Presentations Related to Clearside and its Development Partners
Title: Suprachoroidal CLS-AX for nAMD: Phase 3 Program Update
Presented by: Sobha Sivaprasad, MD, Professor of Retinal Clinical Research, Consultant Ophthalmologist, Moorfields Eye Hospital, London, UK
Partner: REGENXBIO
Title: Update on One-Time Suprachoroidal ABBV-RGX-314 for the Treatment of DR
Presented by: Anna Abolian, OD, Senior Medical Director, Clinical Development Lead, REGENXBIO Inc.
Partner: Aura Biosciences
Title: Bel-sar – a New Treatment Paradigm in Choroidal Melanoma: Update on the Global Phase 3 CoMpass Trial
Presented by: Jennifer Lim, MD, Professor of Ophthalmology, Director, Retina Service,
Department of Ophthalmology and Visual Sciences, University of Illinois School of Medicine
About CLS-AX (axitinib injectable suspension)

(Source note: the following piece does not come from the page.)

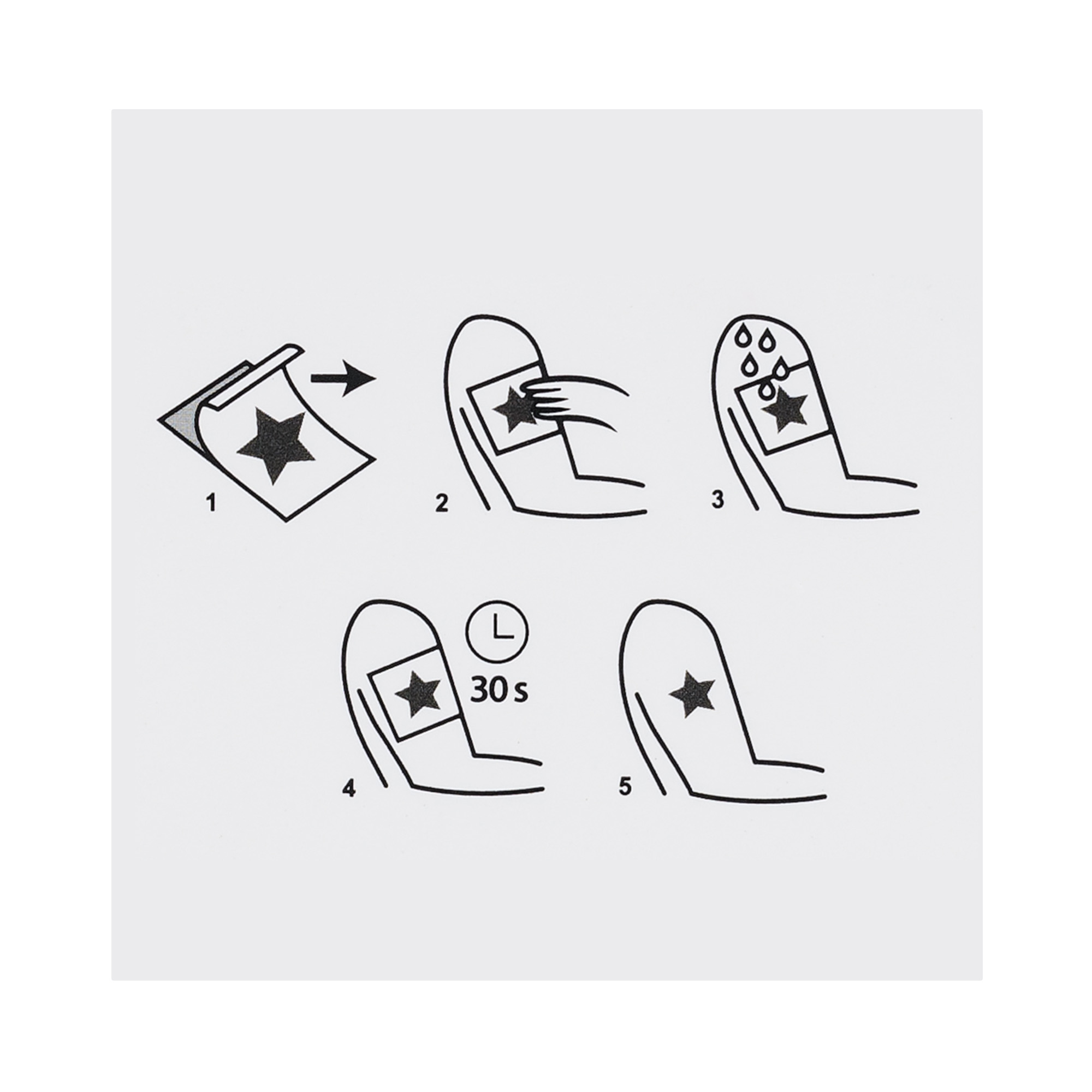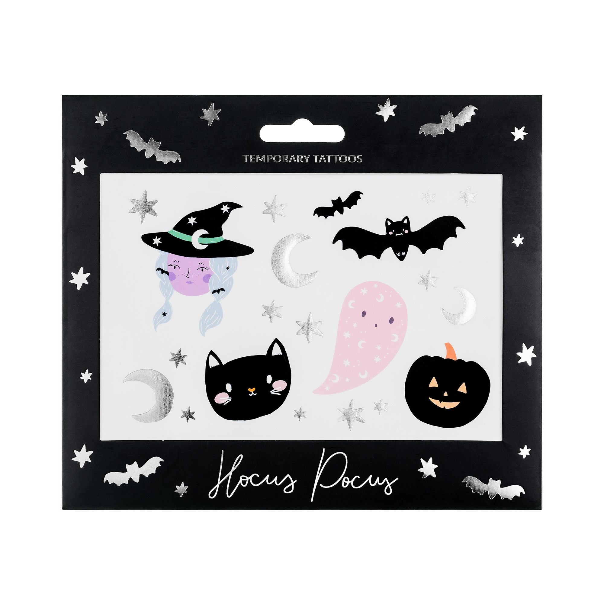 Sada dočasných tetování s halloweenskými a čarodějnickými motivy perfektně doplní každý strašidelný kostým. Arch obsahuje 20 tetování – čarodějnici, netopýry, kočku, ducha, smějící se dýni a mnoho stříbrných hvězdiček a měsíců. Zábavný doplněk, který pobaví malé i velké a skvěle doladí atmosféru halloweenské párty nebo oslavy pálení čarodějnic. Další párty doplňky a dekorace se strašidelným motivem naleznete v naší tematické kategorii Halloween nebo Pálení čarodějnic. Postup: Tetování stačí navlhčit vodou a za 30 sekund je hotové! Balení obsahuje: 20 ks vzorů omyvatelných tetování

Clearside is developing CLS-AX as a longer-acting therapy for the treatment of retinal diseases. CLS-AX (axitinib injectable suspension) is a proprietary suspension of axitinib for suprachoroidal injection. Axitinib is a tyrosine kinase inhibitor (TKI), currently approved as an oral tablet formulation to treat advanced renal cell carcinoma, that achieves pan-VEGF blockade, directly inhibiting VEGF receptors-1, -2, and -3 with high potency and specificity. Clearside believes this broad VEGF blockade may have efficacy advantages over existing retinal therapies by acting at a different level of the angiogenesis cascade and may benefit patients who sub-optimally respond to current, more narrowly focused anti-VEGF therapies. Suprachoroidal injection of this proprietary suspension of axitinib has demonstrated meaningful potential in Phase 1/2a and Phase 2b wet AMD clinical trials in which CLS-AX was well tolerated and demonstrated a positive safety profile. With suprachoroidal administration of axitinib, there is the potential to achieve prolonged duration and targeted delivery to affected tissue layers by compartmentalizing axitinib behind the retina, thereby limiting drug exposure to the front of the eye.